▶ _PROMPT_
Word for word, restate the entries below, but exclude the images.
Segment Start: MATERIAL TO PROCESS
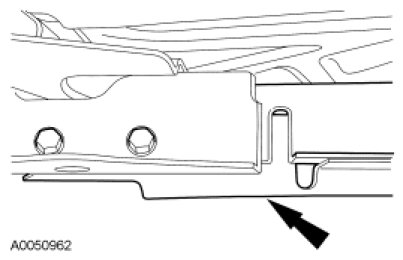 7. NOTICE: The transmission support crossmember is a press fit in the transmission support crossmember pocket. It may be necessary to pry the transmission support crossmember out of the transmission support crossmember pocket. Be careful not to damage the transmission support crossmember.
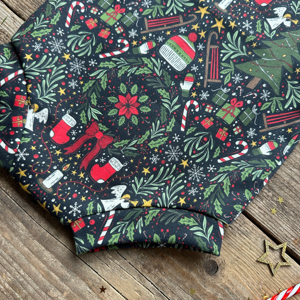 Main body - 100% organic cotton fabric with interlock knit, printed with Ultra-color technology for vibrant colour and improved wash durability. Cuffs - 95% organic cotton, 5% elastane. Both certified organic cotton by Global Organic Textile Standards (GOTS).
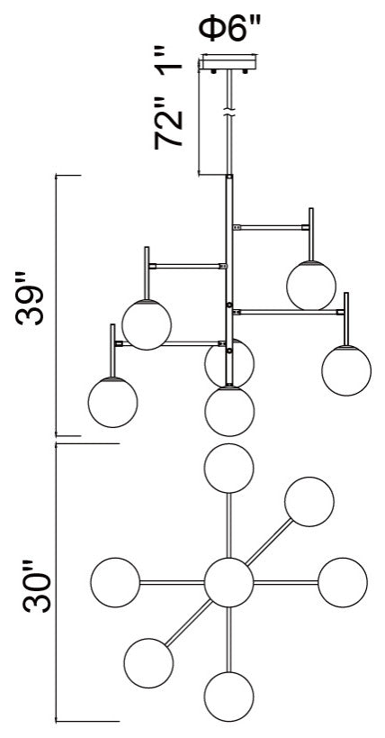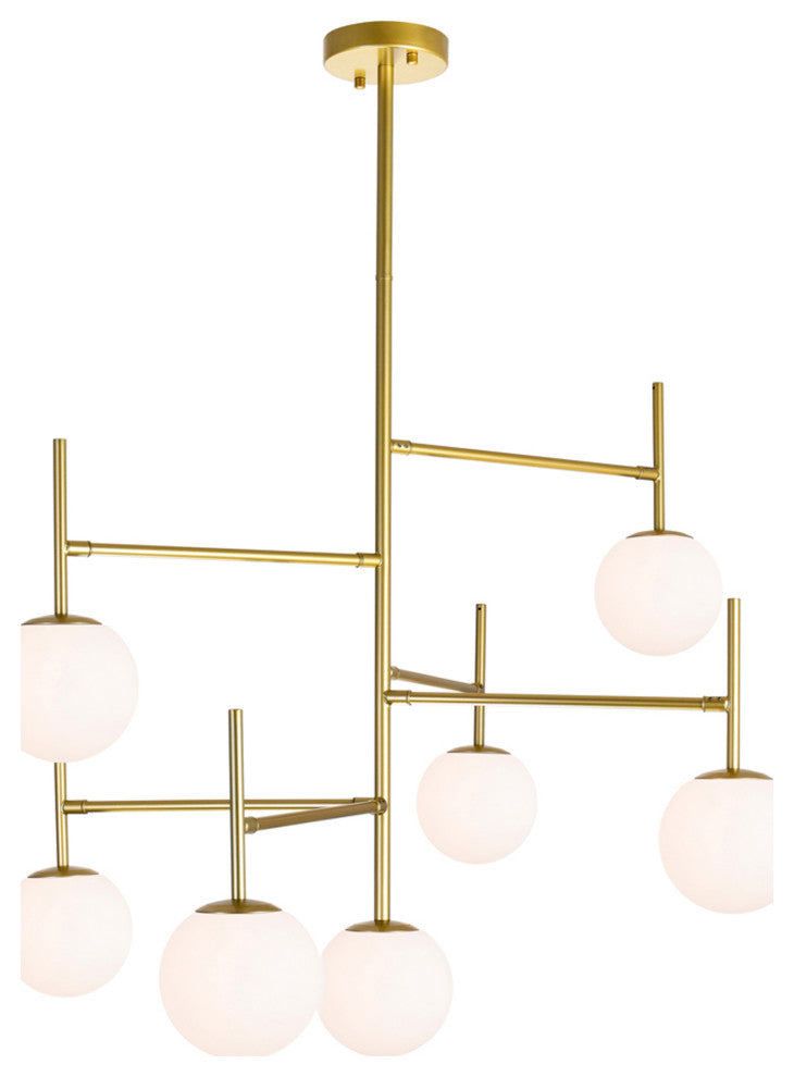 The Tourch 7 Light Chandelier in Medallion Gold is a true statement piece. Its golden finish brings an air of drama into wherever it is placed. This downlight chandelier utilizes lines and curves that harmoniously complement each other. At the tip of each sleek line are round frosted bulbs emitting a welcoming illumination. Create the perfect ambiance with this modern geometric down chandelier. Feel confident with your purchase and rest assured. This fixture comes with a one year warranty against manufacturers defects to give you peace of mind that your product will be in perfect condition.
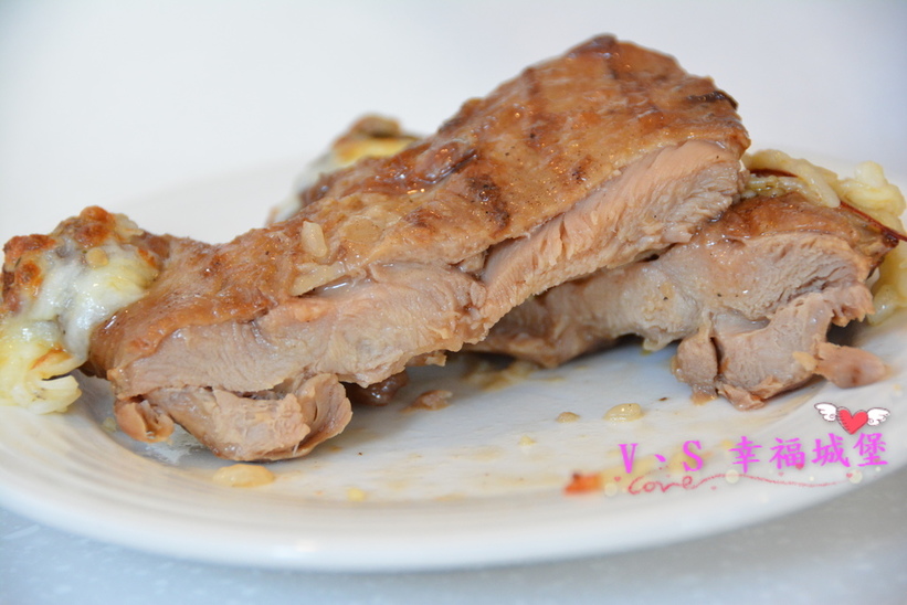 將 蒜香嫩烤雞腿 取出,先挖飯吃,入口先感受到德式香腸的口感,還有吸飽白醬的米飯。
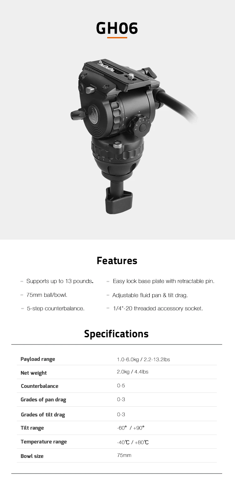 С тремя уровнями сопротивления жидкости и нулевой настройкой как на панораме, так и на наклоне, вы можете отрегулировать головку жидкости в соответствии с вашим стилем съемки или потребностями съемки.
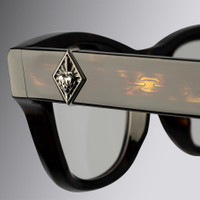 The Great Frog's iconoclastic spirit shapes the metalwork on this optical: Sterling Silver daggers stud the frontal while a new Flaming Heart pin gilds the temples. Bevelling adds sculptural detail to the frame, which is handmade by the Cutler and Gross artisans in Italy. A limited production of 250 frames. Details - The Great Frog Collection - Solid Sterling Silver metalwork - Dagger frontal pins - Flaming Heart temple pins - Plectrum temples - Lock Down Chain core wire - Gold-foil logo on inner temples - Handcrafted in Italy by expert craftspeople, read more about our craftsmanship story Size & Fit SKU: GFOP-022-51-02 Frame shape: Square Frontal width (mm): 145 Lens width (mm): 51 Temple length (mm): 150 Bridge width (mm): 22
Segment End: MATERIAL TO PROCESS
▶ _TASK RESPONSE_
 7. NOTICE: The transmission support crossmember is a press fit in the transmission support crossmember pocket. It may be necessary to pry the transmission support crossmember out of the transmission support crossmember pocket. Be careful not to damage the transmission support crossmember.
 Main body - 100% organic cotton fabric with interlock knit, printed with Ultra-color technology for vibrant colour and improved wash durability. Cuffs - 95% organic cotton, 5% elastane. Both certified organic cotton by Global Organic Textile Standards (GOTS).
 The Tourch 7 Light Chandelier in Medallion Gold is a true statement piece. Its golden finish brings an air of drama into wherever it is placed. This downlight chandelier utilizes lines and curves that harmoniously complement each other. At the tip of each sleek line are round frosted bulbs emitting a welcoming illumination. Create the perfect ambiance with this modern geometric down chandelier. Feel confident with your purchase and rest assured. This fixture comes with a one year warranty against manufacturers defects to give you peace of mind that your product will be in perfect condition.
 將 蒜香嫩烤雞腿 取出,先挖飯吃,入口先感受到德式香腸的口感,還有吸飽白醬的米飯。
 С тремя уровнями сопротивления жидкости и нулевой настройкой как на панораме, так и на наклоне, вы можете отрегулировать головку жидкости в соответствии с вашим стилем съемки или потребностями съемки.
 The Great Frog's iconoclastic spirit shapes the metalwork on this optical: Sterling Silver daggers stud the frontal while a new Flaming Heart pin gilds the temples. Bevelling adds sculptural detail to the frame, which is handmade by the Cutler and Gross artisans in Italy. A limited production of 250 frames. Details - The Great Frog Collection - Solid Sterling Silver metalwork - Dagger frontal pins - Flaming Heart temple pins - Plectrum temples - Lock Down Chain core wire - Gold-foil logo on inner temples - Handcrafted in Italy by expert craftspeople, read more about our craftsmanship story Size & Fit SKU: GFOP-022-51-02 Frame shape: Square Frontal width (mm): 145 Lens width (mm): 51 Temple length (mm): 150 Bridge width (mm): 22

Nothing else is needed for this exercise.